Sadly, Raffi nodded.
Journal of Carys Arrin Agramonsnight 9.16.546
The boy’s asleep. Harn has drifted into some sort of trance; he sways and murmurs prayers in the dimness. I’m taking a chance but this book’s small and easy to hide. It may be my last chance to write for a while.
First of all, the tree. I was lying out in the long grass—it was dark, but it seemed to me the boy was speaking to the tree and it was answering. I heard no words, but there was a sort of . . . tingle. I know this is heresy and I know it can’t be real. But why make an illusion if they didn’t know I was there? And the boy believed it.
I heard one thing that puzzled me. The boy distinctly said the Crow was in Tasceron. I remember the stories of the Crow from my training, but I’d always thought it was a figure of myth, a bird that talked. The bolt was on the crossbow; I had it aimed right at the middle of the keeper’s back—but those words stopped me. After all, dead or alive are the orders. And they know something about this Crow. It may be the name of someone real, high in the Order, like an Archkeeper. A code name. It seemed worth a risk to find out.

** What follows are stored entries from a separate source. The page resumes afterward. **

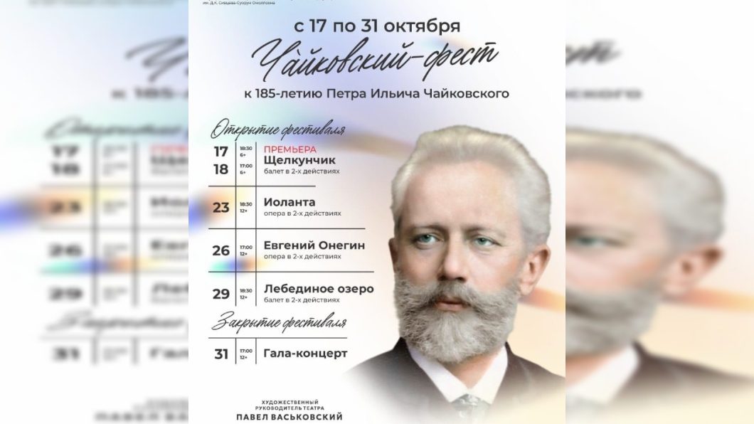 Дьокуускай куоракка алтынньы 17-31 күннэригэр ыытыллар “Чайковский-фест. Якутск” опера-балет бэстибээлигэр Мариинскай уонна Улахан тыйаатыр, ону сэргэ Суорун Омоллоон аатынан Опера уонна балет тыйаатырын сүрүн артыыстара кыттыахтара.
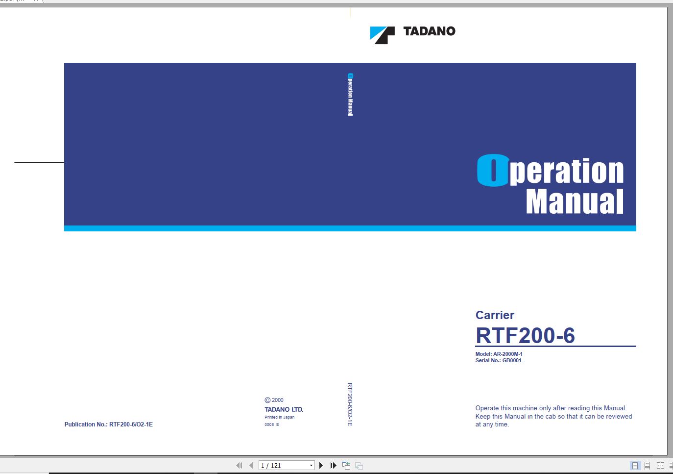 Tadano AR-1200M-1 Operation Manual RTF200-6_O2-1E
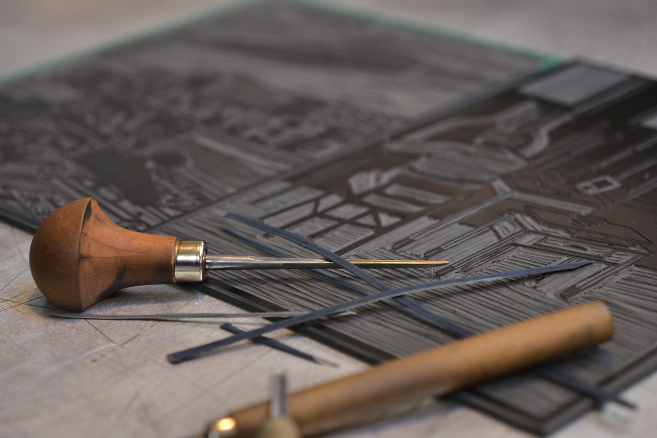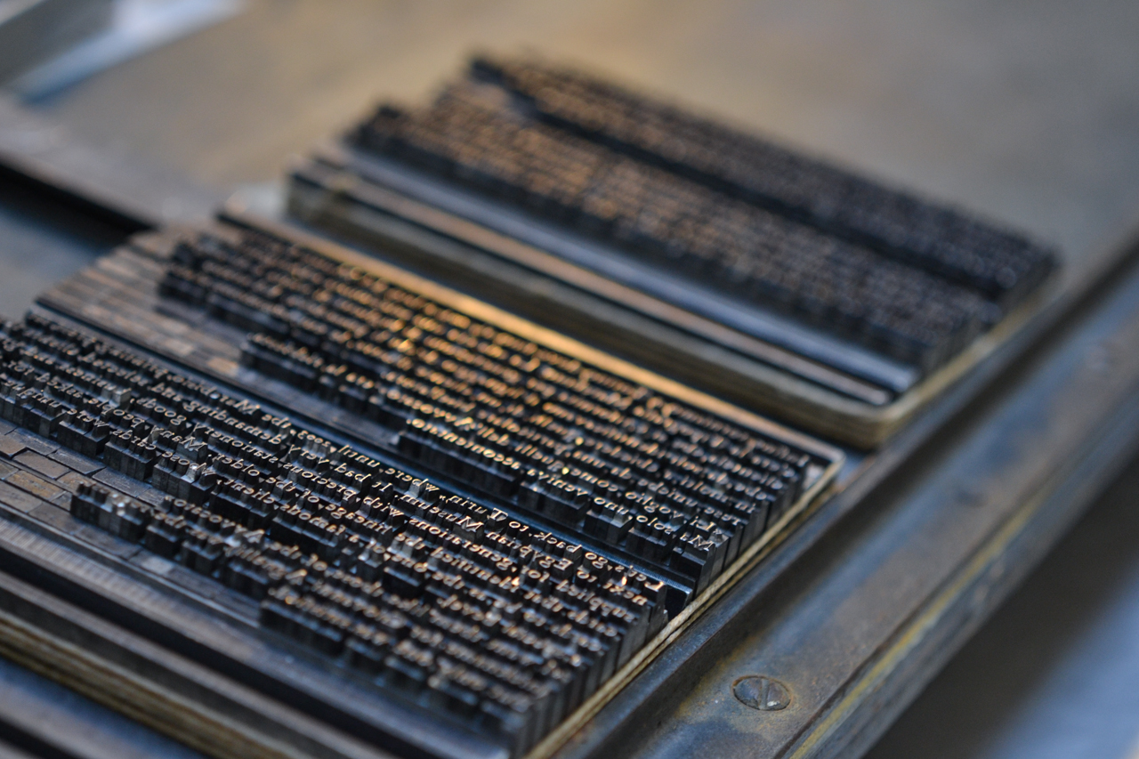 The result is a 26-page book, printed entirely by letterpress in a limited edition of 300 numbered copies, illustrated with linocut engravings and texts composed with hand-set metal type.
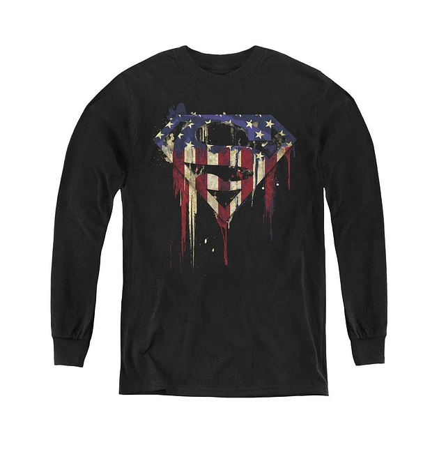 Superman Boys Youth U S Shield Long Sleeve Sweatshirts
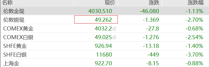 大宗商品方面,倫敦金現跌1.13%報4030.51美元/盎司,倫敦銀現跌2.7%報49.262美元/盎司。
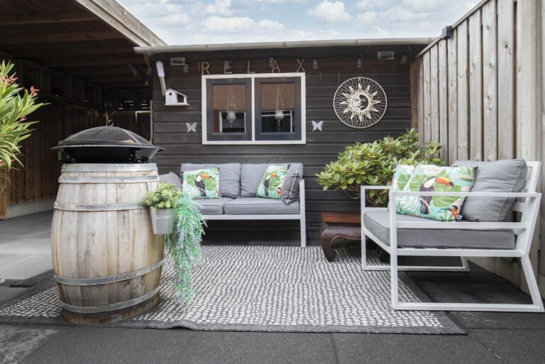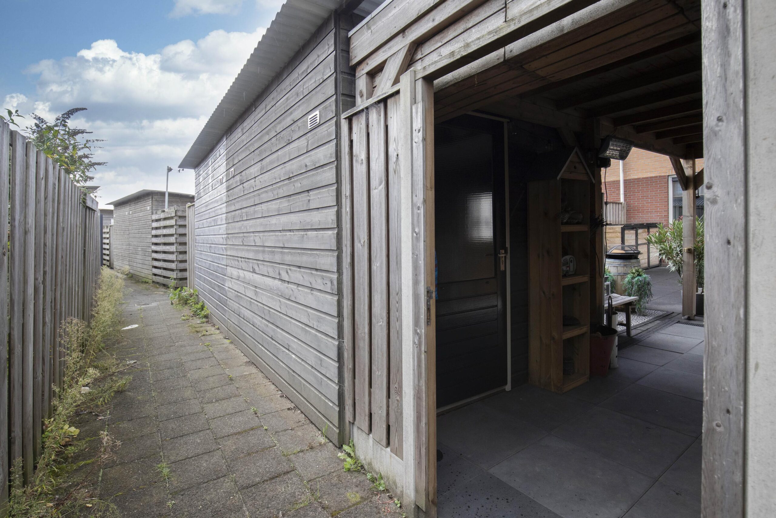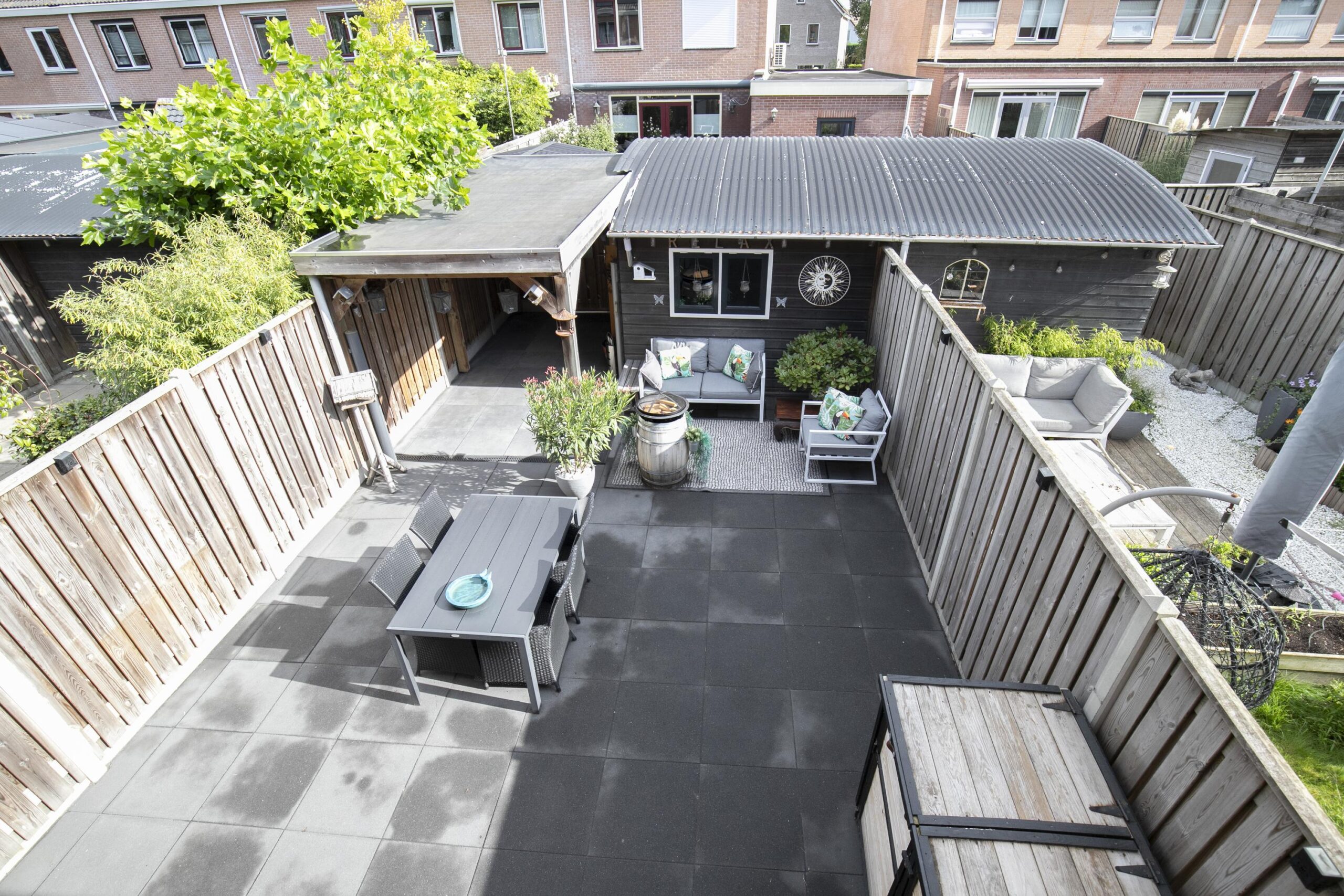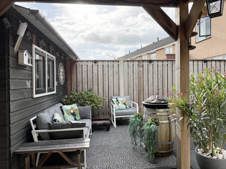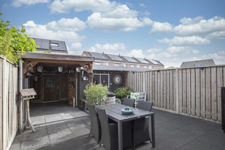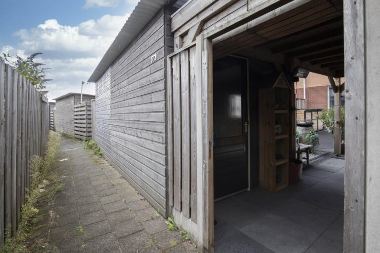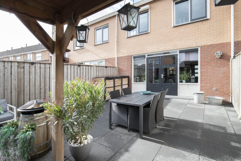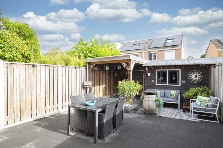 De achtertuin is bestraat met mooie, grote tegels, waardoor er veel plek is voor een zithoek én eettafel. De houten overkapping maakt het mogelijk om het hele jaar door buiten te genieten. Achterin staat een berging, ideaal voor fietsen en tuinspullen. De tuin beschikt bovendien over een achterom.
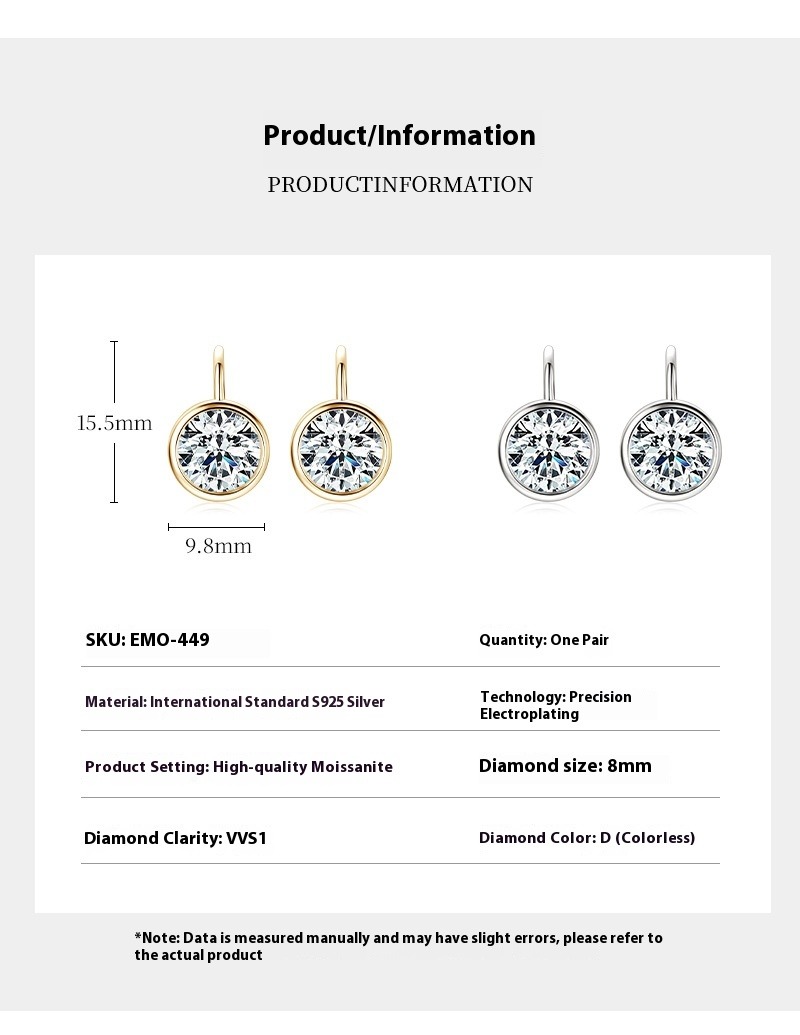 S925 Sterling Silber 2 Karat D-Farbe Moissanit Ohrstecker - Minimalistisches Design

So I let them see me. Harn is wary; he asked a lot of questions. I told them a story that would get them on my side, make us all enemies of the Watch. I was surprised how easy they were to deceive. The boy looked ill; they both seem half starved.
(Note for Jellie—the psychic defenses the records mention can’t exist. I’m certain they didn’t know I was there.)
I’ll try and stay with them as long as possible—to Tasceron, because I’m sure that’s where they’re going. I know the city is enormous, but if they find this Crow I’ll be with them. To catch Harn and his boy would be good, but someone higher, a real chance to get into the secrets of the Order—that would make old Jeltok sit up. He always said I’d never make an agent.
I’m hungry, and the rain’s started again. On foot we’ll be slow. But they won’t get rid of me now.